In 1862–1863 Henri-Clément Sanson published the six-volume Sept générations d'exécuteurs, 1688–1847. Henri-Clément presents his work as a revised version of the 1830 publication. Much of the later confusion surrounding the Sanson dynasty stems from uncertainty over the succession of the office and from the limited acceptance of Henri-Clément Sanson's Sept générations d'exécuteurs as a historical source.

==Sept générations d'exécuteurs==
Volume I opens with a brief autobiographical preface followed by an extensive historical essay on the history, legal context and moral aspects of capital punishment. It discusses the historical, legal and moral aspects of the death penalty, including the influence of Cesare Beccaria, before turning to the history of the Sanson family.

Unlike the earlier Mémoires pour servir à l'histoire de la Révolution française (1830–1831), which were initiated by Louis-François L'Héritier and partly written by Honoré de Balzac, his father, Henri Sanson publicly repudiated the publication as “a tissue of mendacious allegations and puerile inventions”. In a letter written shortly before his death in 1840, he stated that he had neither written nor authorized the memoirs and that they bore little resemblance to the papers left by his father.

Henri-Clément drew upon surviving family papers as well as printed historical sources, including historians such as Toulongeon and Louis Blanc, while also quoting contemporary documents and publications. The existence of this family archive is independently documented. Contemporary accounts describe Henri Sanson showing visitors - Alexandre Dumas and Victor Hugo - his private collection, documents and execution relics at his house in the Rue des Marais. Victor Hugo later recalled that visitors were taken to a nearby workshop belonging to the charpentier des hautes-œuvres, where the guillotine was kept assembled.

In 1886 Musée Carnavalet acquired part of the collection, comprising twenty-one bound volumes of execution orders (1808–1832), now preserved in the Bibliothèque historique de la ville de Paris.

Henri-Clément Sanson portrayed his great-grandfather as an enthusiastic student of anatomy and medicinal plants. According to family tradition, Charles-Jean-Baptiste maintained a collection of medical recipes, received patients at his home, and prepared remedies in his own laboratory, charging wealthy patients while treating the poor free of charge.

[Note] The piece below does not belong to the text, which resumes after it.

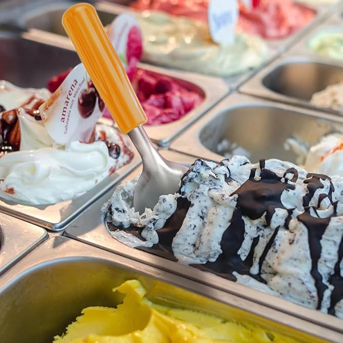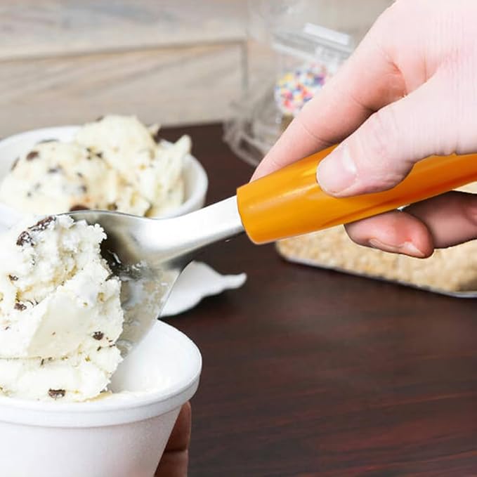 • DURABLE CONSTRUCTION: Sturdy stainless steel scoop head with sawtooth edge cuts through tough pulp while maintaining sharpness
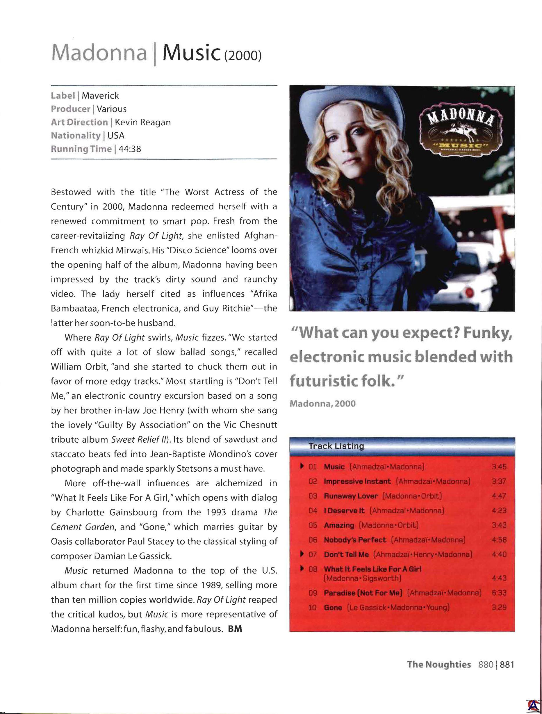Подробнее Международный успех альбома 1998 года Ray of Light Мадонна сумела превзойти с выпущенным в 2000 году альбомом Music. Как и предыдущий альбом, Music представляет собой электронную запись, на которой содержится значительное число выдержанных в быстром темпе композиций с явно европейским танцевальным звучанием, которое было достигнуто благодаря сотрудничеству певицы с французским электронным музыкантом Мирвэ. Мадонна также продолжила работу с главным продюсером Ray of Light Уильямом Орбитом, который выступил сопродюсером при записи четырёх (включая «American Pie») композиций. Символично, что движение в сторону европейских музыкальных вкусов проявилось и в том, что впервые за всю карьеру певицы запись не была полностью осуществлена в США — основная масса материала была записана на студии «Sarm West and East Studios» в Лондоне. При этом стоит отметить, что оформление альбома выдержано в явно американском стиле — Мадонна предстает в образе ковбоя с гитарой, видеоработы на песни с альбома были также выполнены в типичной американской стилистике. В музыкальном плане альбом Music значительно отличается от предыдущих работ Мадонны. Так, на альбоме присутствуют тяжелый электронный бит («Impressive Instant»), акустические гитары («Don’t Tell Me», «I Deserve It», «Gone»), а также используется вокодер, который будет присутствовать и на последующих альбомах певицы. Что интересно, на Music присутствуют не только англоязычные песни: один куплет в песне «Paradise (Not For Me)» исполнен на французском, песня «Cyber-Raga» исполнена на санскрите, а на бонус-диске к альбому представлена испаноязычная версия композиции «What It Feels Like for a Girl» — «Lo Que Siente La Mujer». Интересен тот факт, что в различных странах Music выпускался с различным количеством композиций. Так, песня «American Pie» отсутствует на североамериканской версии альбома, поскольку изначально Мадонна планировала включить песню лишь только в саундтрек к кинофильму Лучший друг. Тем не менее композиция попала в альбом, но не была включена во второй сборник величайших хитов певицы — «GHV2» в 2002. На японском и австралийском выпусках как бонус-трек присутствует также композиция «Cyber-Raga», написанная и спродюсированная Мадонной и Талвином Сайном и представляющая собой оригинальную музыкальную адаптацию текста на санскрите из индийских «Вед» и «Махабхараты». Европейские и американские слушатели могли ознакомиться с песней на различных синглах, где она была представлена как B-side. Альбом дебютировал на первом месте в США, где он впоследствии стал трижды платиновым. За огромным успехом заглавного трека (первый сингл певицы, достигший вершины чарта США, после успеха «Take a Bow» в 1995) последовал второй хит «Don’t Tell Me». Третий сингл с Music — «What It Feels Like for a Girl» — не стал столь же успешным в основном из-за запрета большинства отделений канала MTV на демонстрацию видео на песню по причине его жестокости. Российское MTV тем не менее не отказалось от трансляции клипа. Следующим ожидаемым синглом была композиция «Impressive Instant», которая, несмотря на отказ в её коммерческом выпуске, стала значительным клубным хитом. Music является первым альбом Мадонны, в буклете к которому отсутствуют тексты записанных на нём песен. Вместо этого слушателю предлагается посетить официальный сайт певицы. Подобный ход был повторен и на последующих альбомах. В 2001 году оформление альбома (Best Recording Package) было отм

Henri-Clément Sanson also provided details about the finances of the office. After the abolition of the droit de havage under the Regency, the executioner of Paris was assigned a fixed annual salary of 16,000 livres, but payments were often delayed. According to Sanson, his ancestor Charles Sanson II eventually received 50,000 livres in notes of the Banque royale, by then severely depreciated during the collapse of John Law’s financial system; Henri-Clément claimed that these notes remained in the family papers. Besides family history, Henri-Clément Sanson's work preserves numerous observations on the institutional organisation and finances of the Paris executioner's office.

Modern historians have noted both the documentary value and the literary character of the work. Philippe Bourdin describes Henri-Clément as a man with literary interests whose memoirs combine family tradition, historical narrative and a pronounced taste for sensationalism, while remaining an important source for the history of public executions and the Sanson family.